RE: Is it true that there is no absolute morality?
March 8, 2017 at 8:19 pm
(This post was last modified: March 8, 2017 at 8:45 pm by bennyboy.)
(March 8, 2017 at 7:55 pm)Jörmungandr Wrote: It's true that humans are moral animals because of our DNA, however our DNA does not constitute a moral system in the same sense that the design of an automobile does not constitute a car. Thus if DNA is objective or not is irrelevant.Well, let's assume that most people are both intrinsically moral (i.e. they have the capacity to act on a sense of right and wrong) and have moral ideas (they creatively apply concepts of right or wrong to their cultures, their life experiences and so on). I don't think anyone would argue that specific moral ideas and systems are not subjective in the sense that they come from subjective consideration of one's feelings and one's environment, including cultural ideas one is immersed in. But what about morality as a capacity to form and act on ideas about right or wrong? I'd say this is a more essential definition, and that it is very much an objective property of humans and maybe some animals.
(March 8, 2017 at 6:18 pm)bennyboy Wrote: But I more recently distinguished between two definitions of "morality" that I felt could put this conversation to bed.
1) A system of ideas about what represents right or wrong, and about behaviors which represent them.
2) The capacity or tendency to have a sense of right or wrong, and the motivation to act accordingly.
The former, which I think you are talking about when you talk about opinions being variably true or not true, is most usefully described in subjective terms.
The latter, which is ingrained in us at a genetic level, and which has been studied in animals not capable of forming linguistic ideas or holding "opinions," is most usefully described in objective terms.
No. The brain functions which comprise the thoughts of morality are still subjective, whether they're viewed in terms of blood flow and fMRIs or not because they are the thoughts and opinions of a subject, just viewed in a different form. You don't get from subjectivity to objectivity simply by changing viewpoint; objectivity means you are completely outside the loop of internal mental events, whether they are viewed as blood flow or as thoughts. Perhaps you mean the latter is most usefully described third person, but that's not the same as objectively.
Take a sociopath whose condition is based on brain damage. He is still capable of understanding moral ideas in a pedantic sense, but he is much less likely than others to act on them. This demonstrates to me that morality, and I use this in the sense of the capacity and tendency to ACT on moral ideas rather then simply to understand them (or even form them), is a matter of brain function, but not only of cognitive brain function.
All healthy humans will have a moral sense, no matter what culture they are in. Some unhealthy humans will fail to act according to moral ideas, because they lack the mechanism for moral motivation. The capacity to act morally is therefore more physical than it is mental (read: subjective), though in 100% of cases, and very much by definition, those behaviors will always be mediated by the subjective flow of feelings and ideas.
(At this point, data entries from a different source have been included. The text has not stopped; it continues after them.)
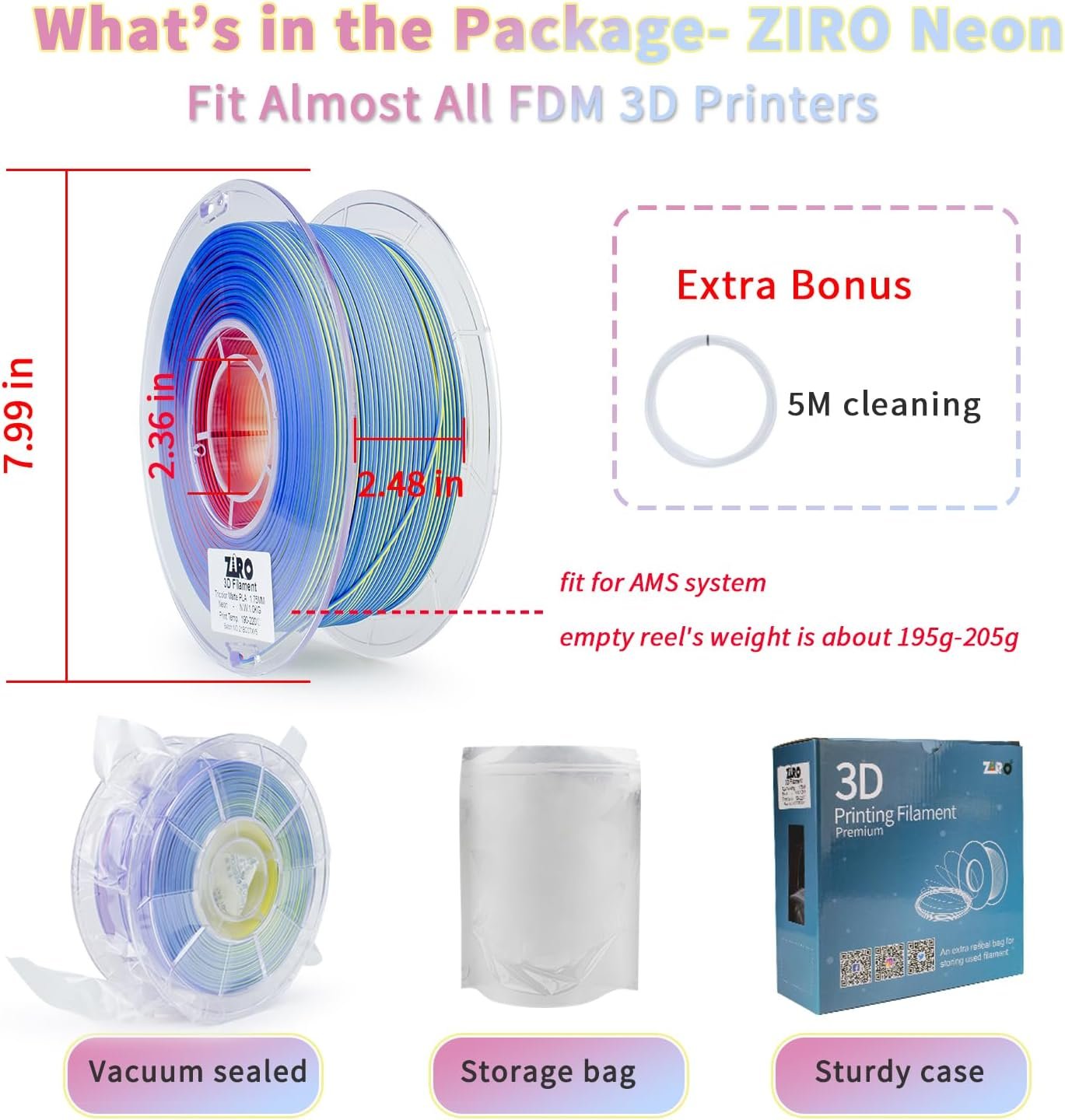 [What You Will Get]- 2.2 lbs Neon PLA filament + a free reseal bag + a 5M cleaning filament. And our friendly customer service.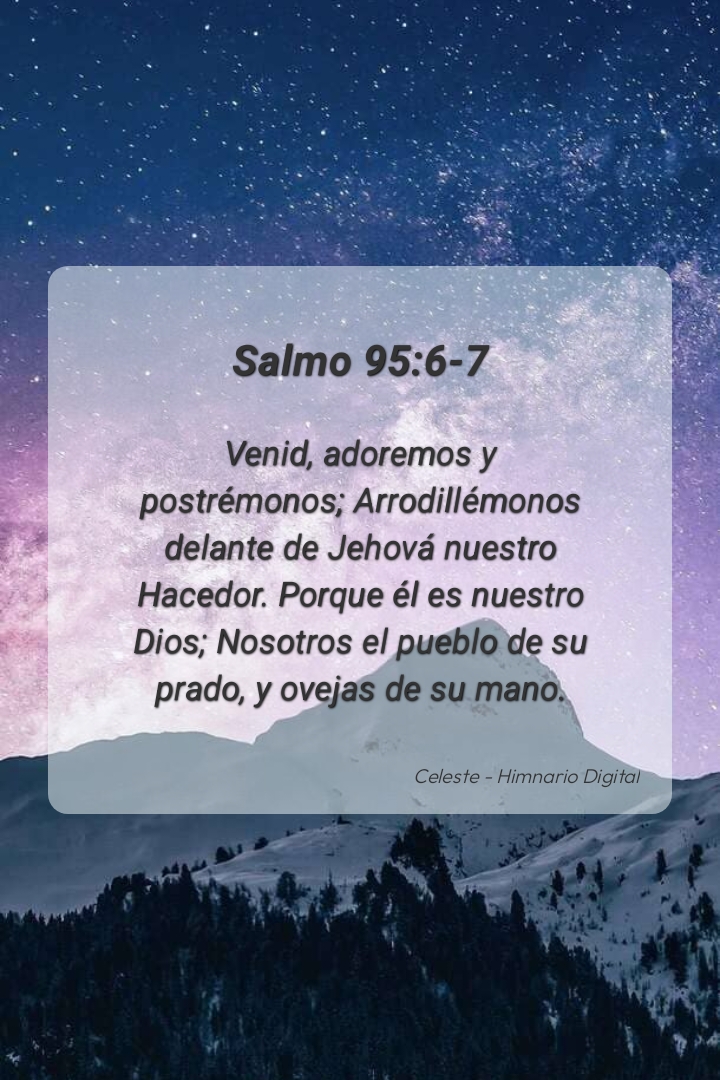 "Venid, adoremos y postrémonos; Arrodillémonos delante de Jehová nuestro Hacedor. Porque él es nuestro Dios; Nosotros el pueblo de su prado, y ovejas de su mano."
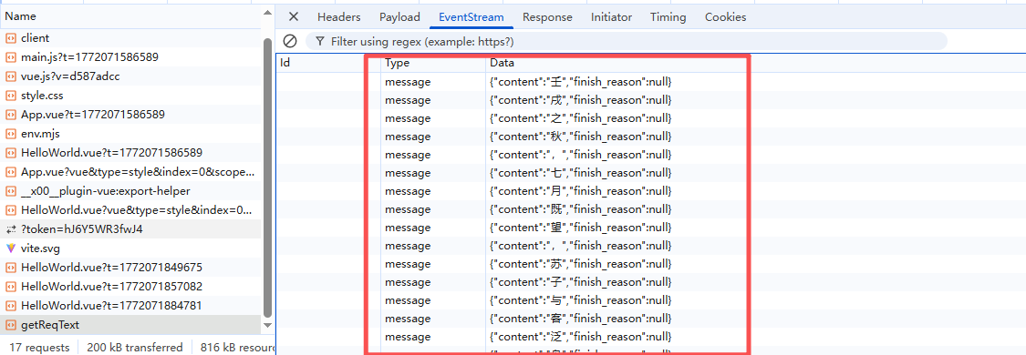我们可以在浏览器中看到 能识别的数据会在eventStream里列出来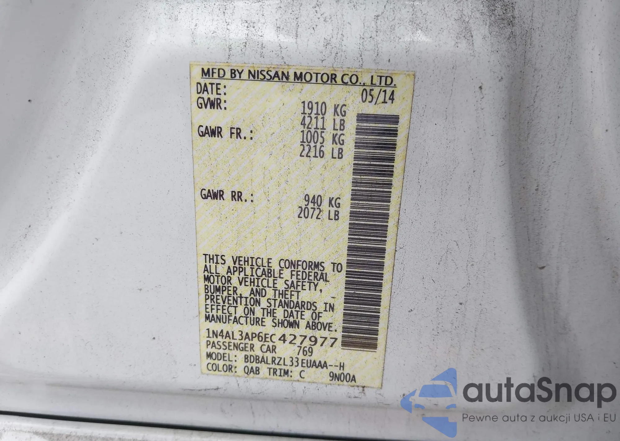 • VIN 1N4AL3AP6EC427977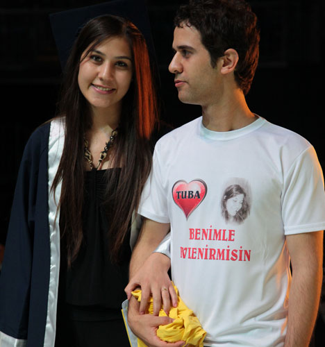 Törenin en ilginç anlarından biri ise Çocuk Gelişimi Bölümü Mezunu Tuğba Yağcı'ya yapılan evlilik teklifi oldu. Tören sırasında sahneye çıkarak mikrofonu alan sevgilisi Emrah Caran tarafından evlilik teklifi yapılan Tuğba Yağcı ilk anda neye uğradığını şaşırdı. İzleyenlerin şaşkın bakışları arasında, anne ve babasının izniyle evlilik teklifini kabul ettiğini söyleyen Yağcı'ya yüzüğü yine sevgilisi tarafından sahnede takıldı.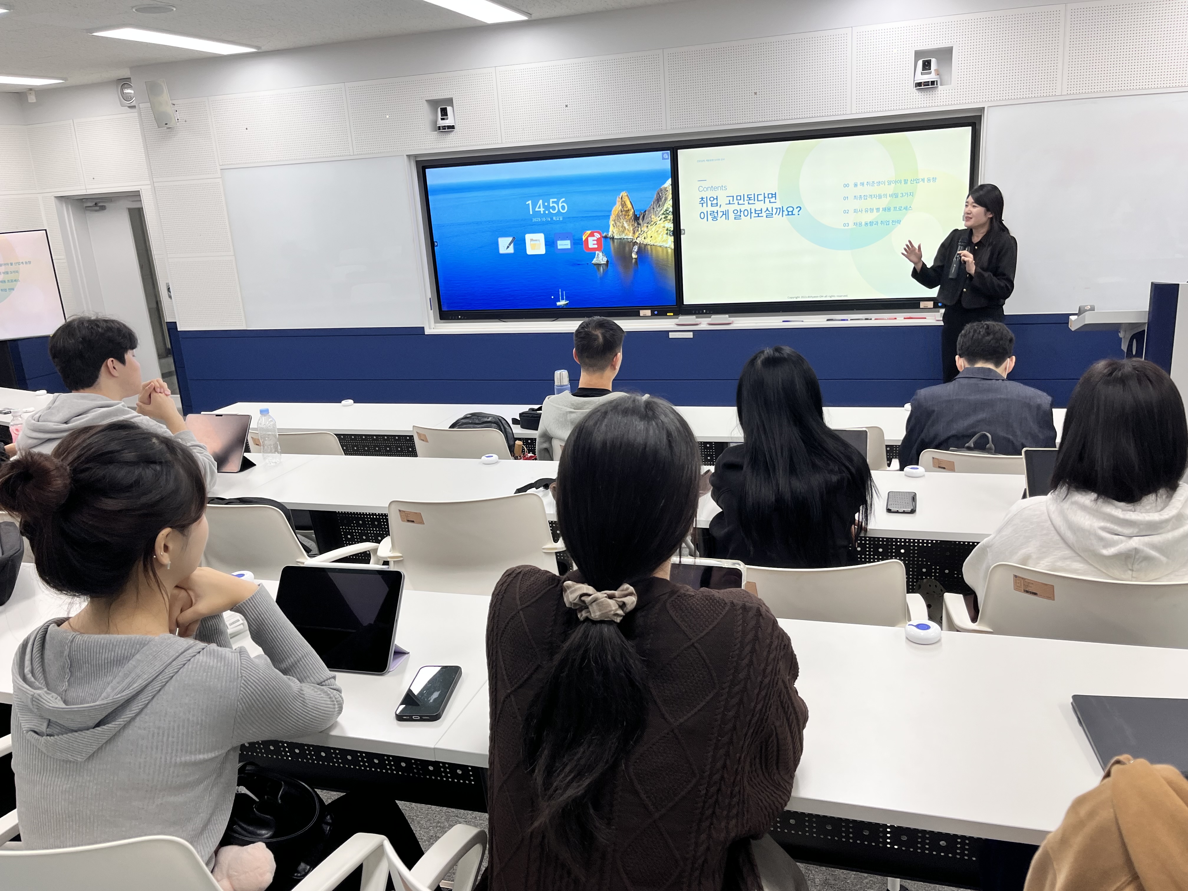 강의에서는 최신 채용 트렌드와 4차 산업혁명 시대에 필요한 대학생 핵심 역량, 그리고 직무·역량·우대사항 등 채용 정보 해석 방법이 다뤄져 학생들의 높은 관심을 끌었습니다. 참여한 학생들은 “급변하는 취업 환경을 이해하고 앞으로의 대학생활과 경력개발에 실질적으로 도움이 될 만한 유익한 시간이었다”는 소감을 전했습니다. 앞으로도 우리 학과는 학생들의 진로 역량 강화를 위해 다양한 프로그램을 지속적으로 운영할 예정입니다. |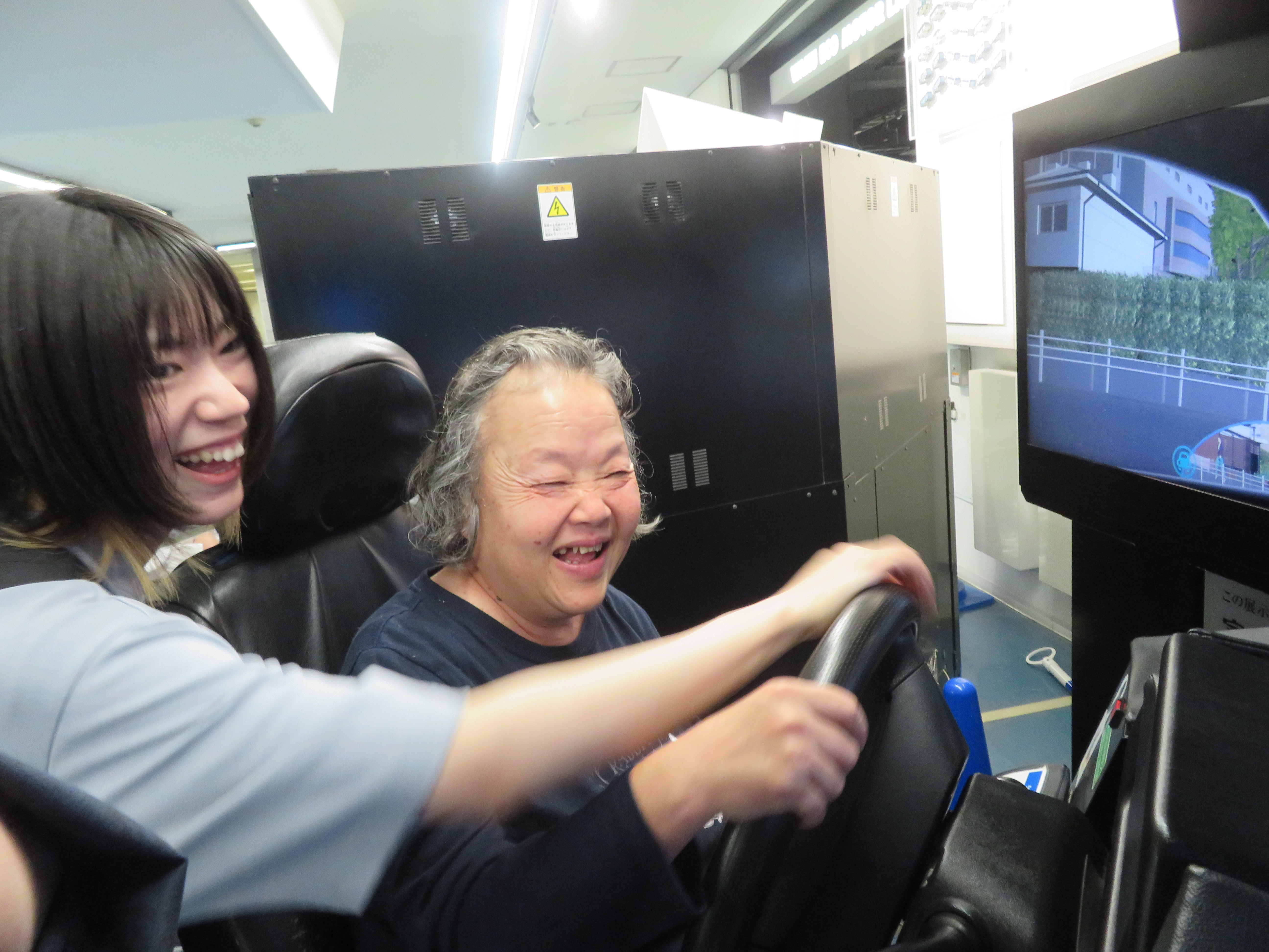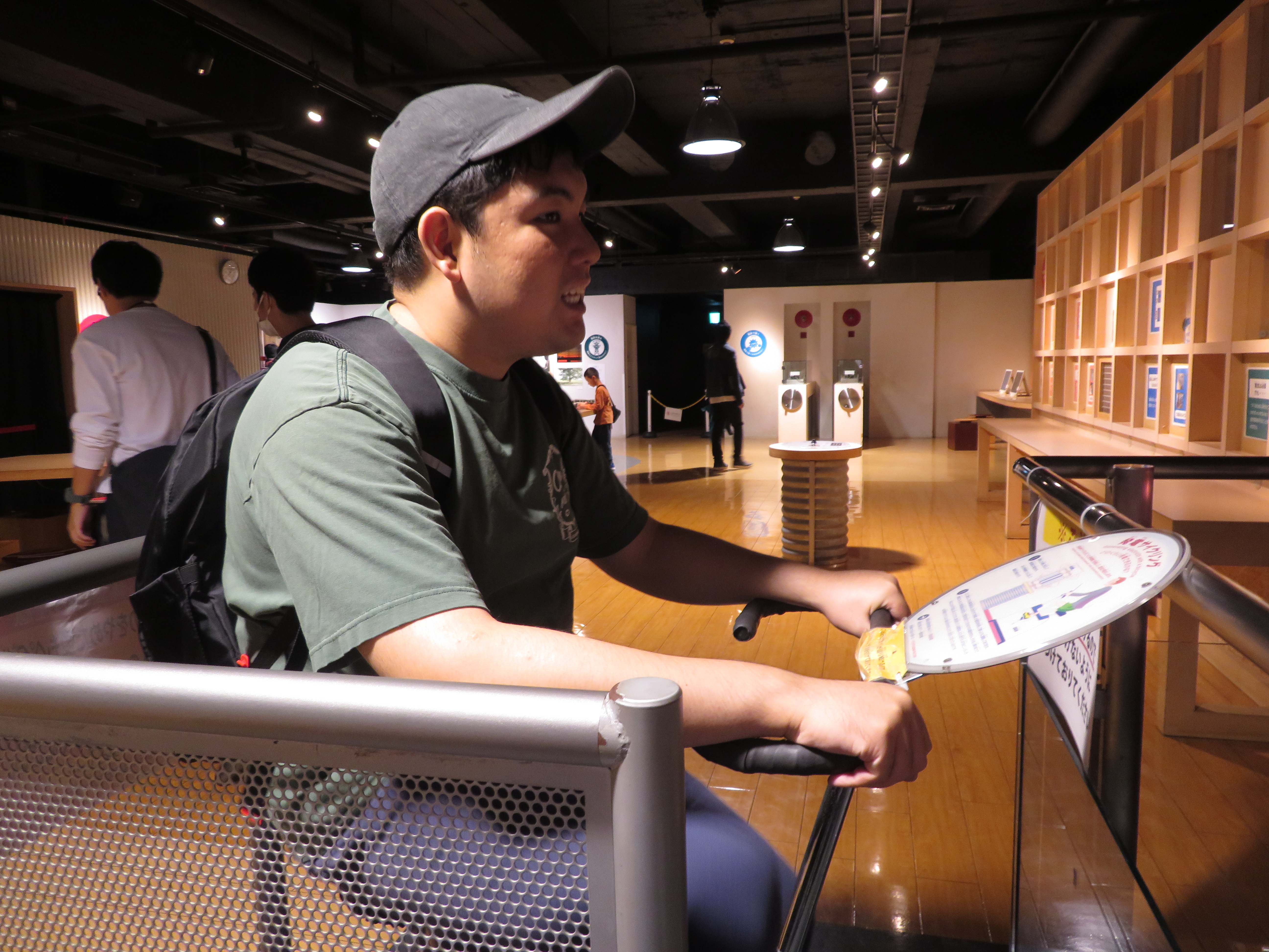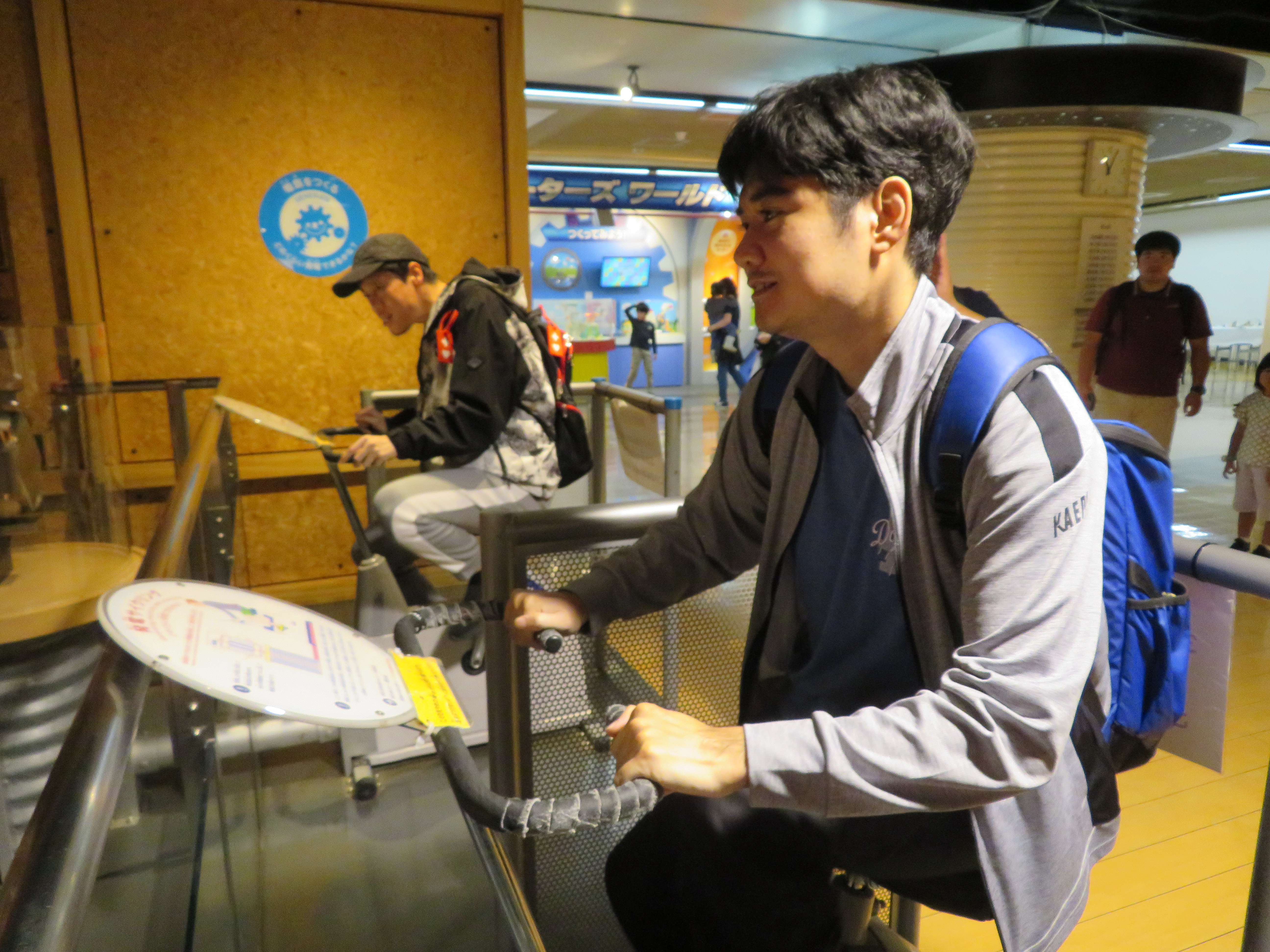 技術館では、自動車の運転体験や自転車で発電、大きいシャボン玉の中に入ったり色々な体験をしました。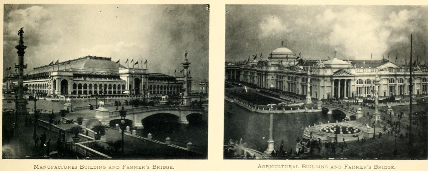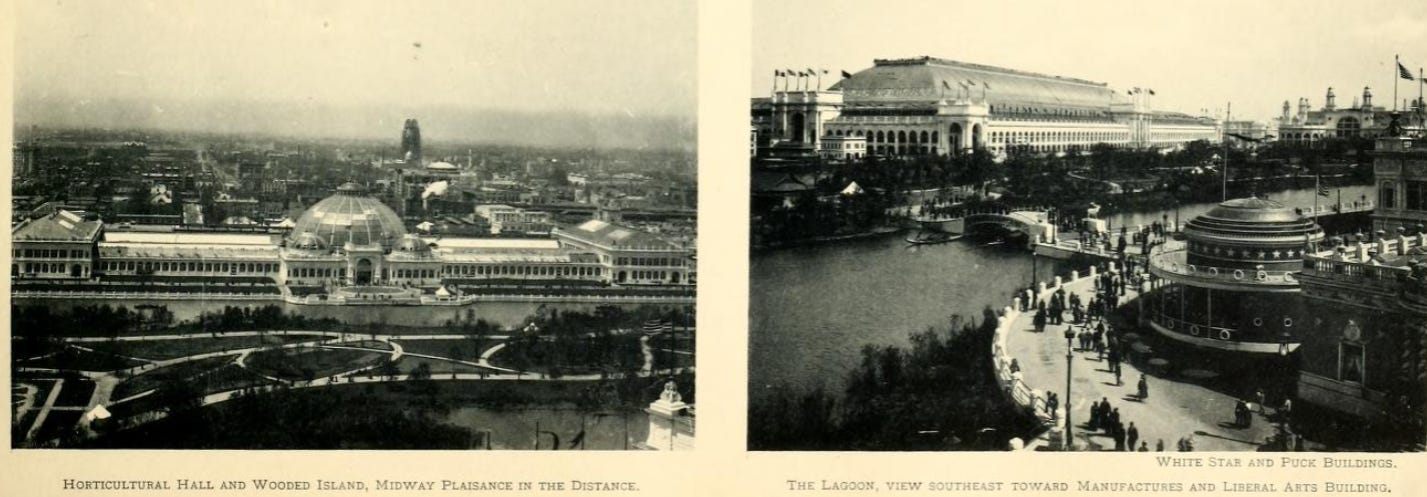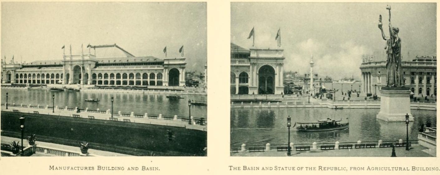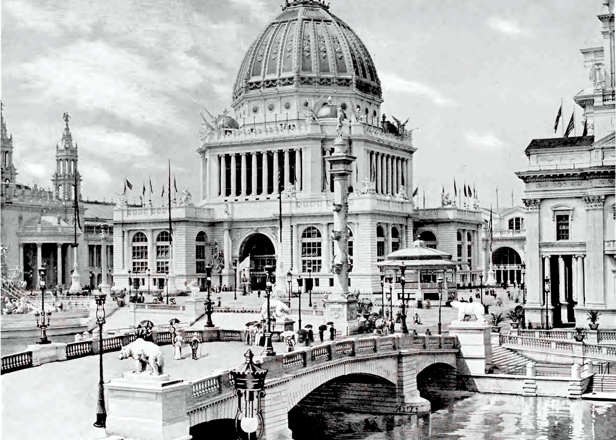 The story about the Columbian Exposition (aka Chicago World’s Fair of 1893) is this: It had been only 20 years since the GREAT Fire leveled the city and they (meaning the fair people) wanted to host an event. They chose an undeveloped swamp area in Chicago

The ideas are not the essence of morality, rather they are the subjective expression OF morality.
(March 8, 2017 at 6:58 pm)Nonpareil Wrote: You keep trying to rope "agency" into this when it has nothing to do with the subject at hand.
Stop it. You are only confusing yourself further.
I might have to stop responding to you, only because your condescending tone reduces my enjoyment of the discussion, and enjoyment is why I spend time on these forums. Please stop it, or be ignored.
"Agency" has a lot to do with ideas and with actions, and has plenty to do with the subject at hand. If you don't think that to be the case, then you'll have to define your terms more clearly. What does "subjective" mean to you? By what criteria do you judge something to be subjective? How do you identify that which is subjective in the real world?